* **Your goal**: From the material below, return exactly the lines starting at the one that holds "剧中的关晓彤不仅造型花里胡哨" and ending at the one that holds "Example 10: O". Pictures stay out of the answer.

* **Extracted entries**:
○ ○ ○ ○ ○ ○ ○

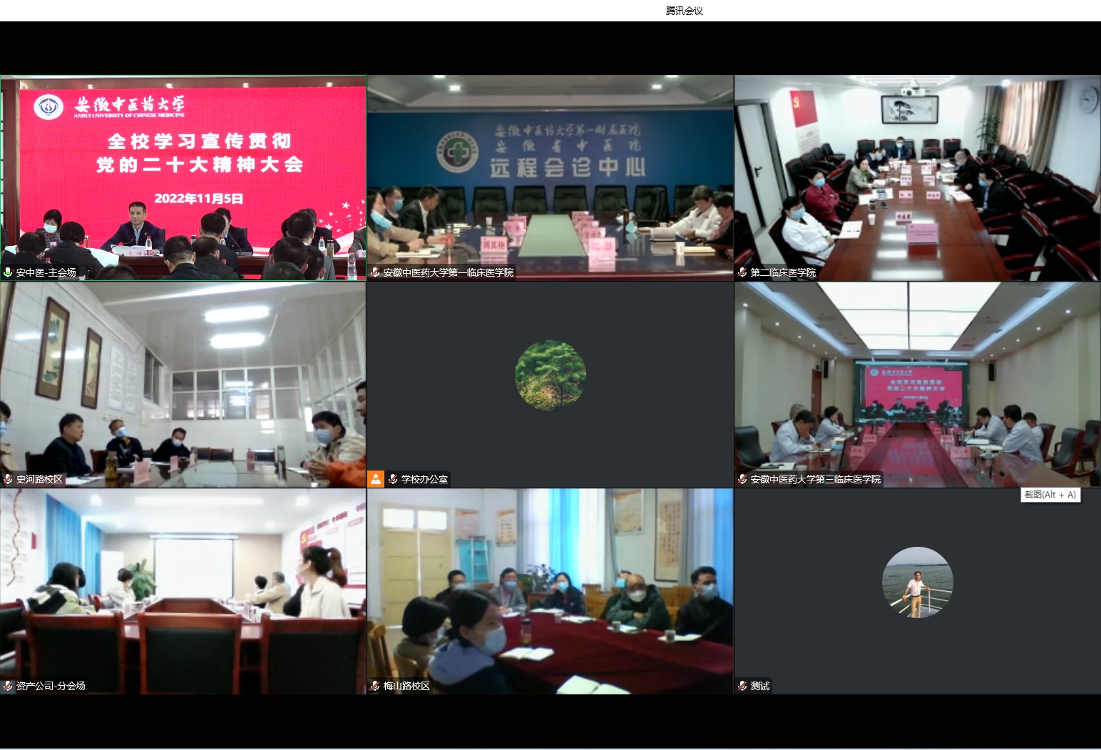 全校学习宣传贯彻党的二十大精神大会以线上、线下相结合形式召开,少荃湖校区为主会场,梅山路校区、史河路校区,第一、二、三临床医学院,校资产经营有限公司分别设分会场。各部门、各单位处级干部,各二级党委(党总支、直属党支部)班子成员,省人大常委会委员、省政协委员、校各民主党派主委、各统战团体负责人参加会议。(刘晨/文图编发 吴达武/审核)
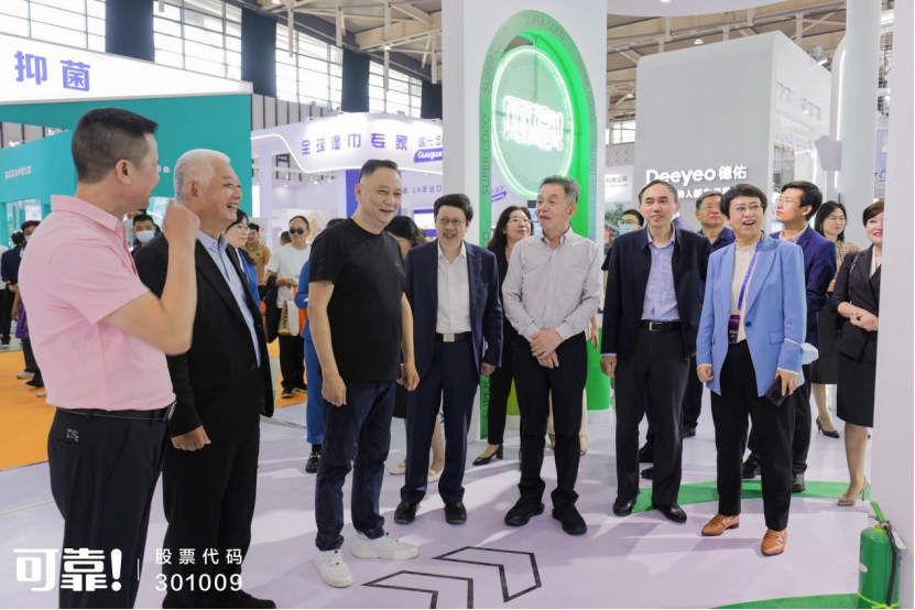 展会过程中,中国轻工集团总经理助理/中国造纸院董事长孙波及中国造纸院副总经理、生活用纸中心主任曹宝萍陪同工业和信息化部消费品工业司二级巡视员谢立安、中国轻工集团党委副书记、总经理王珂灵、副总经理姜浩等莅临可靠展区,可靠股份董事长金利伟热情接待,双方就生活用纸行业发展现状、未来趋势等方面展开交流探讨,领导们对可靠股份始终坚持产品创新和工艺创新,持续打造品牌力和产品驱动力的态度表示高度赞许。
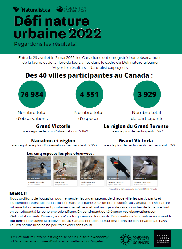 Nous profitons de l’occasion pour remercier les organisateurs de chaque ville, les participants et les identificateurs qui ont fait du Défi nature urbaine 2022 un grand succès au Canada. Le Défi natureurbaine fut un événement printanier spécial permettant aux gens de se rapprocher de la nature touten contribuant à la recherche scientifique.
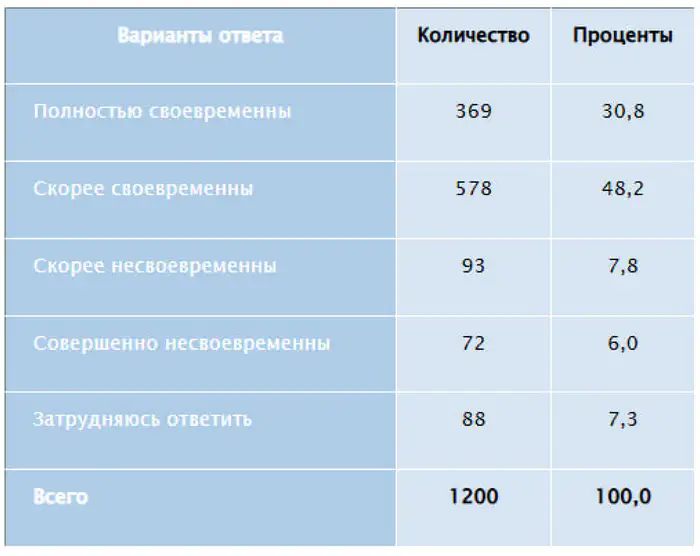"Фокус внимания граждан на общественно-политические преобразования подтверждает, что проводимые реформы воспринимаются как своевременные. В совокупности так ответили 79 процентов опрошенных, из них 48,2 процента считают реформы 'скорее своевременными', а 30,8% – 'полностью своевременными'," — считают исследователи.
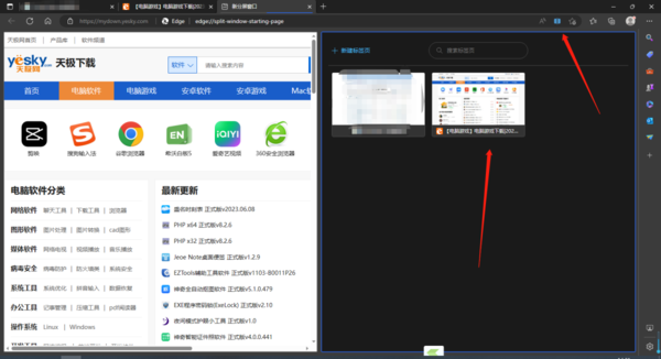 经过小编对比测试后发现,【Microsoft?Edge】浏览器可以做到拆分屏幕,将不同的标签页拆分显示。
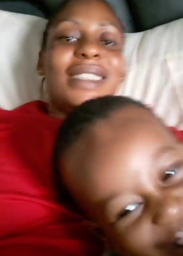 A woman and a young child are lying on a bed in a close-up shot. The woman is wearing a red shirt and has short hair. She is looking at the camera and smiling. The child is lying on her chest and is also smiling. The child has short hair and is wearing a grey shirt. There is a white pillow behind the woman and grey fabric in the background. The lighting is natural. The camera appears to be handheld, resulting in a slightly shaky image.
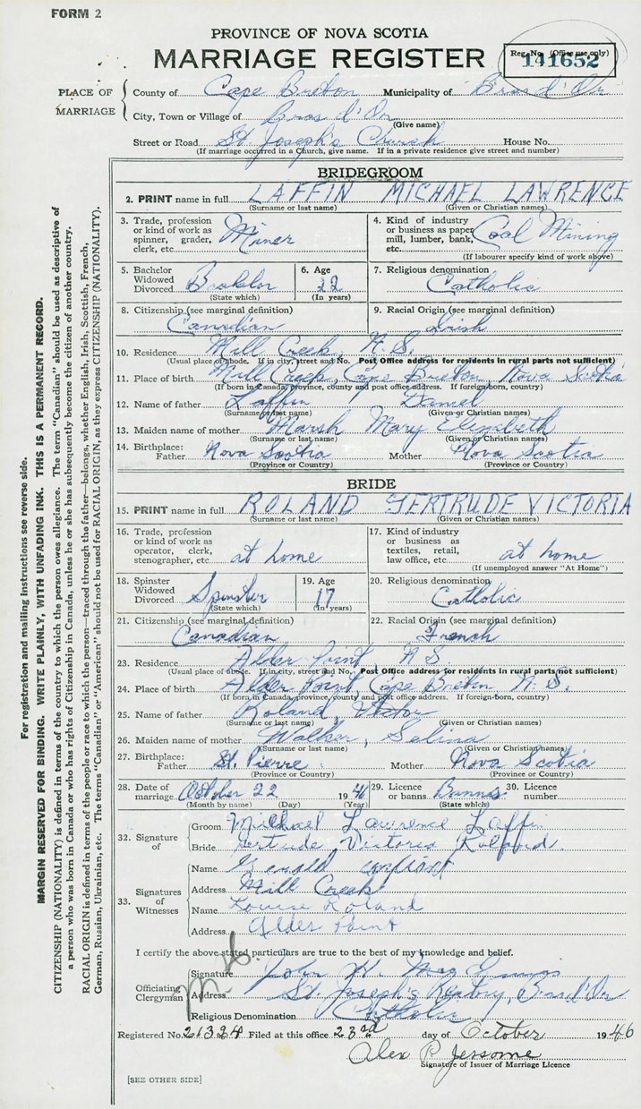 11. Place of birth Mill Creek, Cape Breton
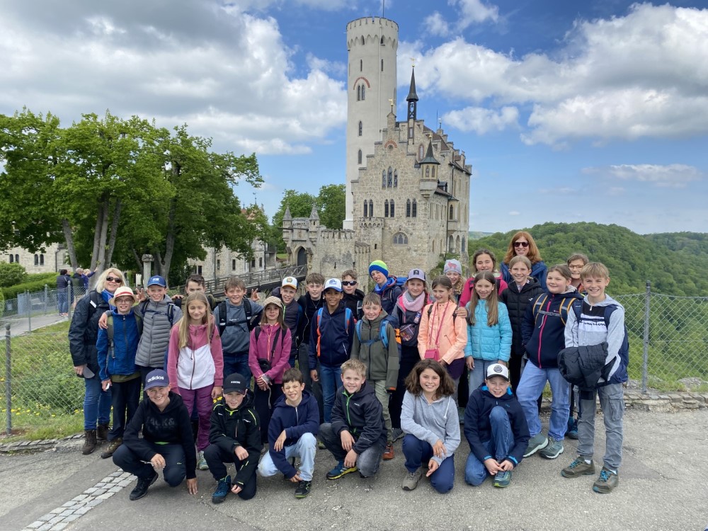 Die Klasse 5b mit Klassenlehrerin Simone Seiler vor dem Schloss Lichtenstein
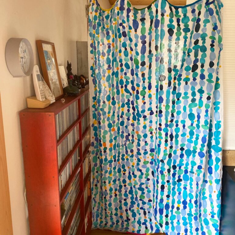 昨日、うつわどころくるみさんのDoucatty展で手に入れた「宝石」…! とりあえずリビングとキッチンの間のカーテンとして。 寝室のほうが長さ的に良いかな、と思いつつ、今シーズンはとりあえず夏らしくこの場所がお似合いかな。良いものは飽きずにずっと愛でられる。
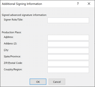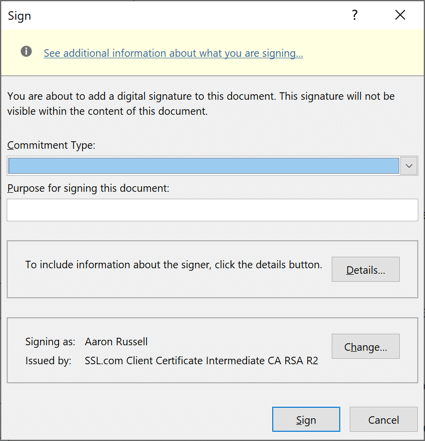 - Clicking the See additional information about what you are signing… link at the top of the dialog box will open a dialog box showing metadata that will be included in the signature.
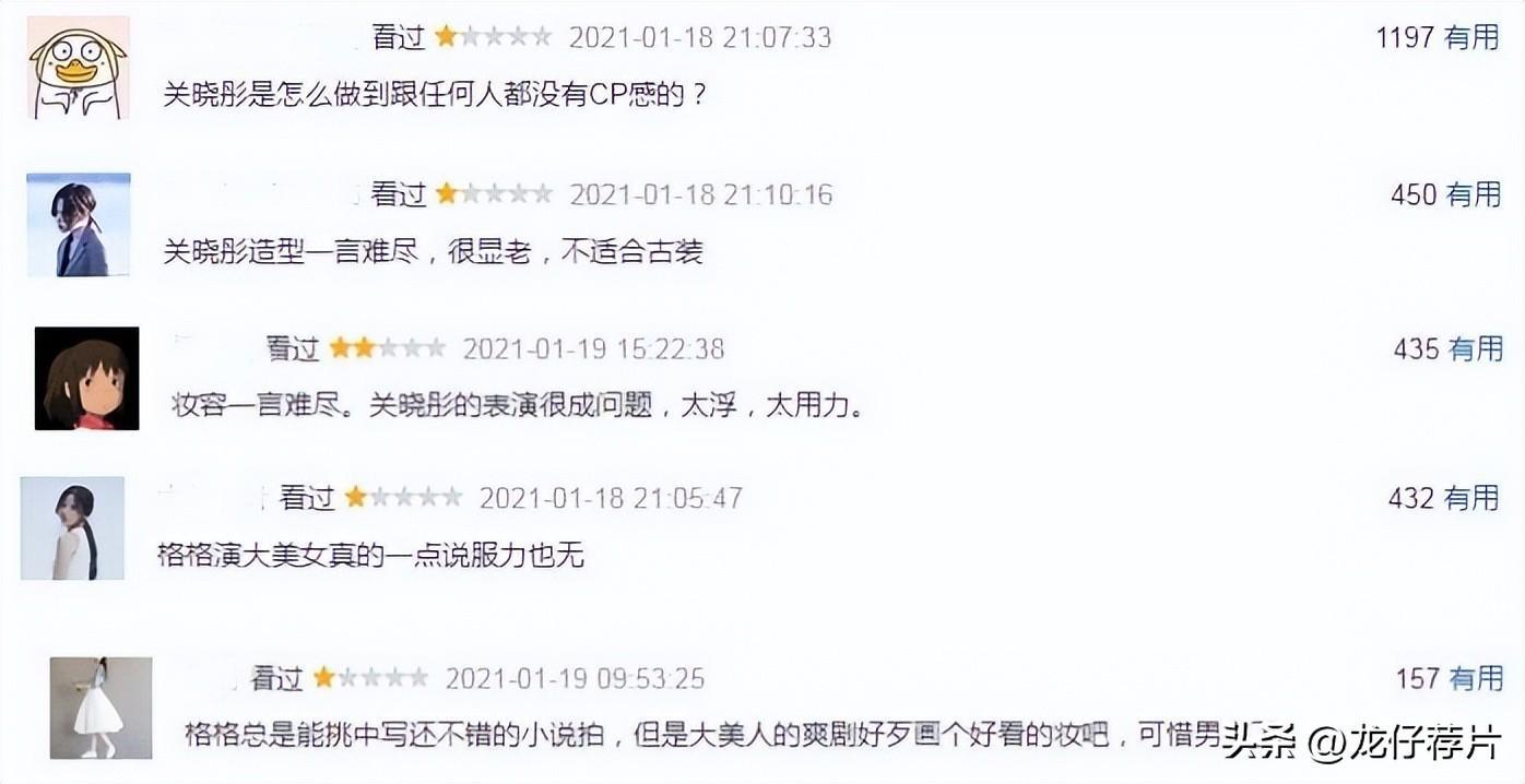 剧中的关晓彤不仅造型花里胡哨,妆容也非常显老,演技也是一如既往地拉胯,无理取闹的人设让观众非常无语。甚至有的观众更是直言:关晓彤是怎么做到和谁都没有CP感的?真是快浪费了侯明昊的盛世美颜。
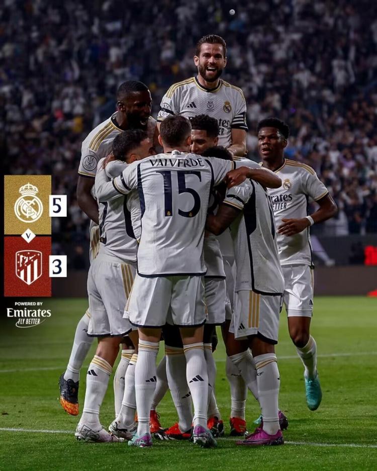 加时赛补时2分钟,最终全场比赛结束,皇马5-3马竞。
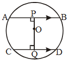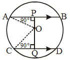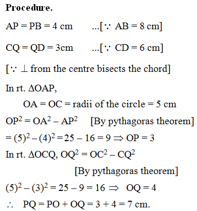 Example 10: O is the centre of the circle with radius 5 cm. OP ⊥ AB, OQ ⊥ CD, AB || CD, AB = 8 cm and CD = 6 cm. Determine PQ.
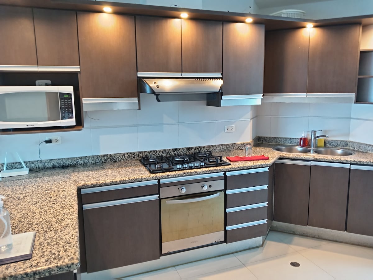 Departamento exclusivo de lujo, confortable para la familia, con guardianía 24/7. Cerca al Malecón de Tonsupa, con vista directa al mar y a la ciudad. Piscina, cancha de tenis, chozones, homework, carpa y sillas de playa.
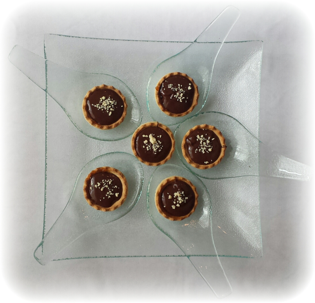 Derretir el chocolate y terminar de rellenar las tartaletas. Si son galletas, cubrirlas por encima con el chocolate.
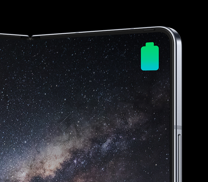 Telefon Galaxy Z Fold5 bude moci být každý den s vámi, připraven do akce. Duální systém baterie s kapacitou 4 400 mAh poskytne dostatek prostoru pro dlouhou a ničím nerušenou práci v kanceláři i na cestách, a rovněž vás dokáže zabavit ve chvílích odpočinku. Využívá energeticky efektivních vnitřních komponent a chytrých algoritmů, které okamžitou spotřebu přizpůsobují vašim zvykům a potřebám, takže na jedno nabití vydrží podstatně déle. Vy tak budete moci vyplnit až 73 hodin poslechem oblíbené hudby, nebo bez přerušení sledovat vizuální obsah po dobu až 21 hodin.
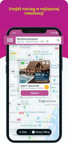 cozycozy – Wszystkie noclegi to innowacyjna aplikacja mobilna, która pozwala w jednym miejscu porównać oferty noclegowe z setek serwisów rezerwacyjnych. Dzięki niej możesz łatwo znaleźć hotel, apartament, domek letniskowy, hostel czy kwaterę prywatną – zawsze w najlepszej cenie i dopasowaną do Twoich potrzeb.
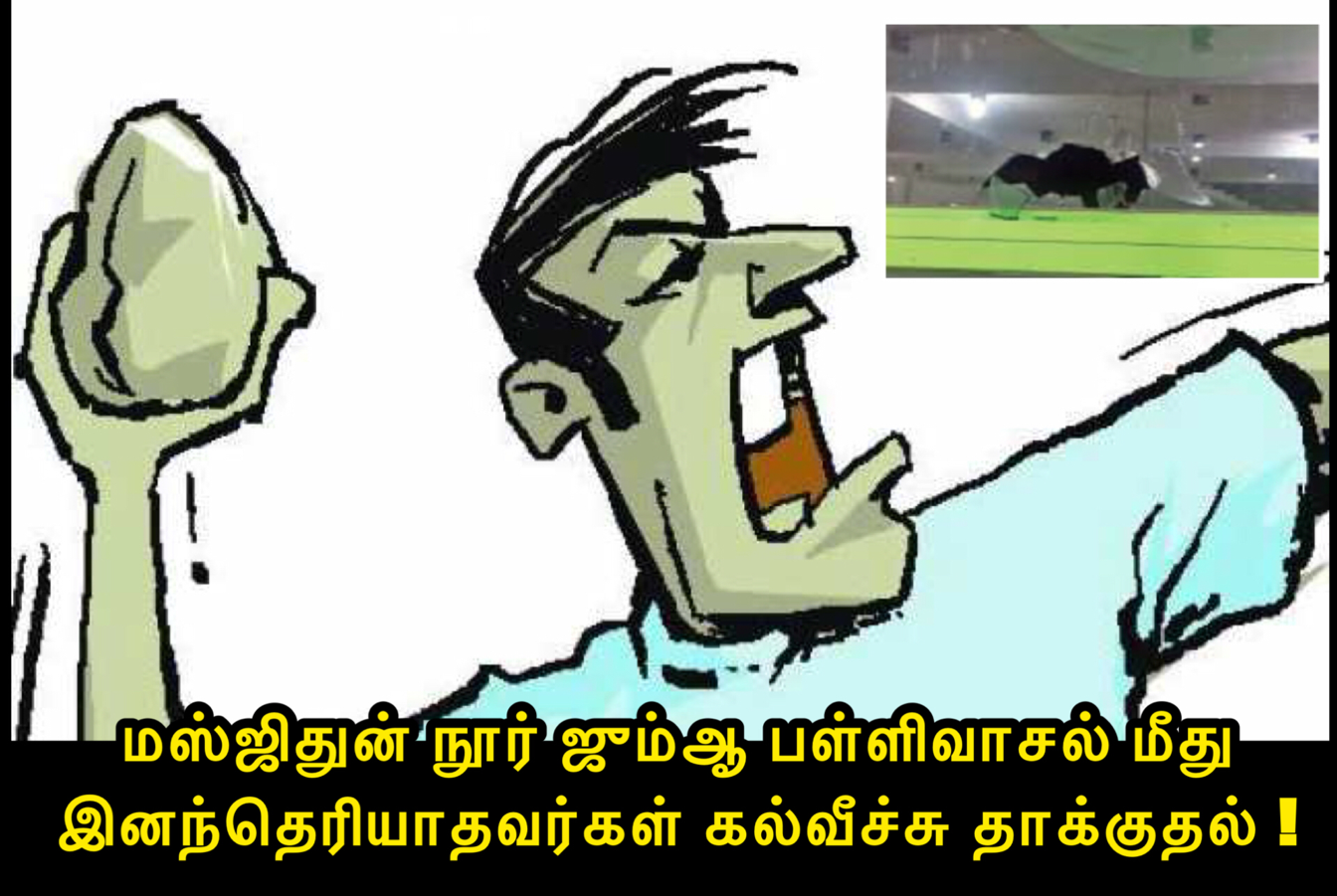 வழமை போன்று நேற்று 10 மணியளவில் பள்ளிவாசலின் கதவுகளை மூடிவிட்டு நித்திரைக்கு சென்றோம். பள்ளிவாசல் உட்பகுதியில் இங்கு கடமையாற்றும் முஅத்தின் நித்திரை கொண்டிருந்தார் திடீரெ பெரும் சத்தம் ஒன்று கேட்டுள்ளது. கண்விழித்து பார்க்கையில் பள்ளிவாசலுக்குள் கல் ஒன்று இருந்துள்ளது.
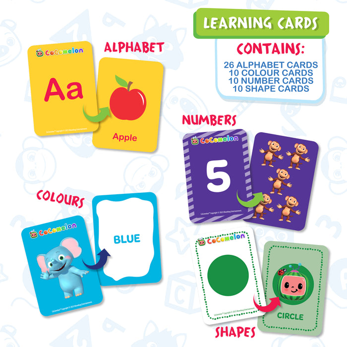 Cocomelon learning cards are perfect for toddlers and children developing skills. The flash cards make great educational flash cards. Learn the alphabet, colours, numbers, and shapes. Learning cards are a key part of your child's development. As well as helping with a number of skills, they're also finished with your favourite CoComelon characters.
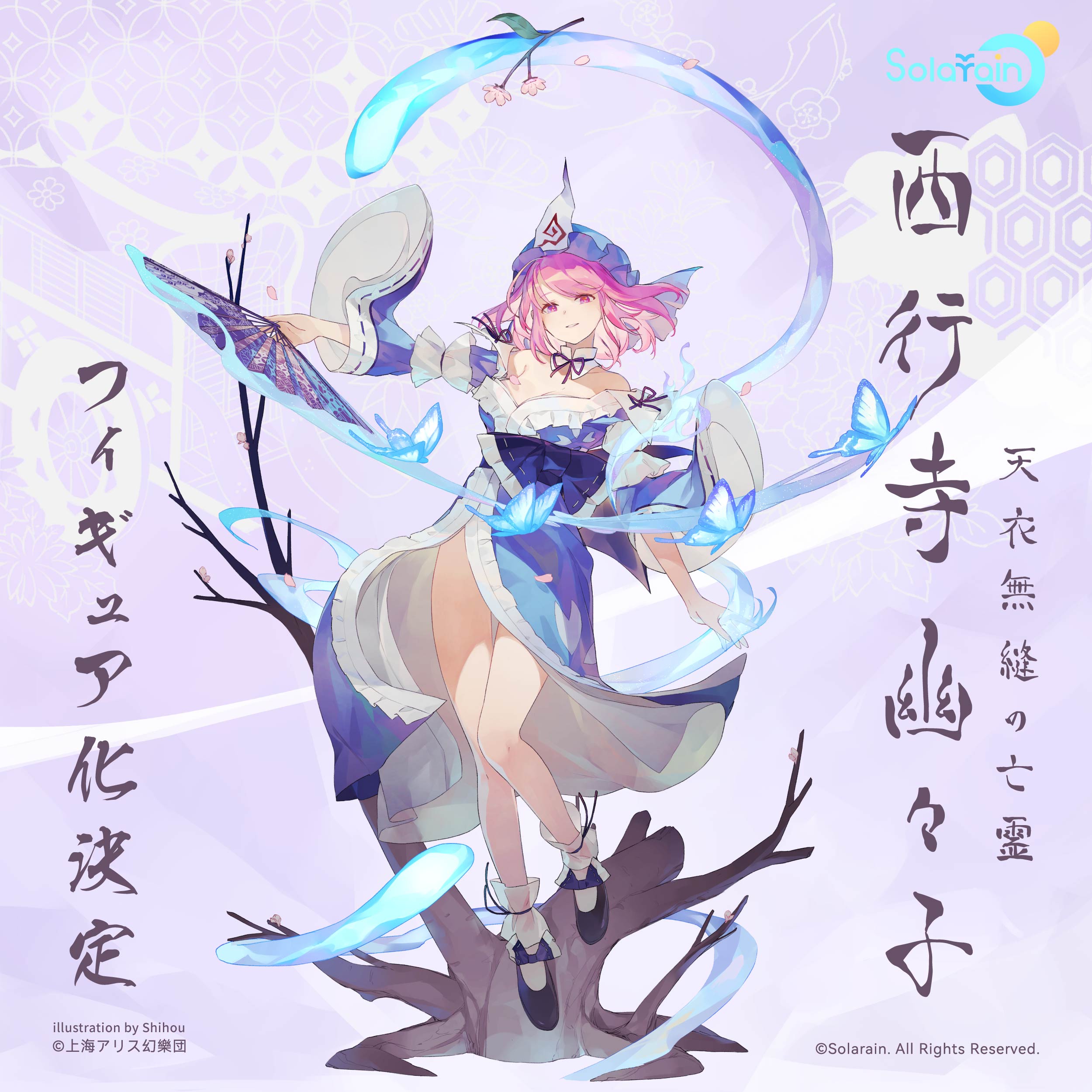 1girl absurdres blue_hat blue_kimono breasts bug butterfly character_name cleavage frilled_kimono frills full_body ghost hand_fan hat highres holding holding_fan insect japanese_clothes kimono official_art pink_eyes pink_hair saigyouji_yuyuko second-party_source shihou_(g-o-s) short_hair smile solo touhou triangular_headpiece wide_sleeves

○ ○ ○ ○ ○ ○ ○

* **Answer below**:
 剧中的关晓彤不仅造型花里胡哨,妆容也非常显老,演技也是一如既往地拉胯,无理取闹的人设让观众非常无语。甚至有的观众更是直言:关晓彤是怎么做到和谁都没有CP感的?真是快浪费了侯明昊的盛世美颜。
 加时赛补时2分钟,最终全场比赛结束,皇马5-3马竞。
 Example 10: O is the centre of the circle with radius 5 cm. OP ⊥ AB, OQ ⊥ CD, AB || CD, AB = 8 cm and CD = 6 cm. Determine PQ.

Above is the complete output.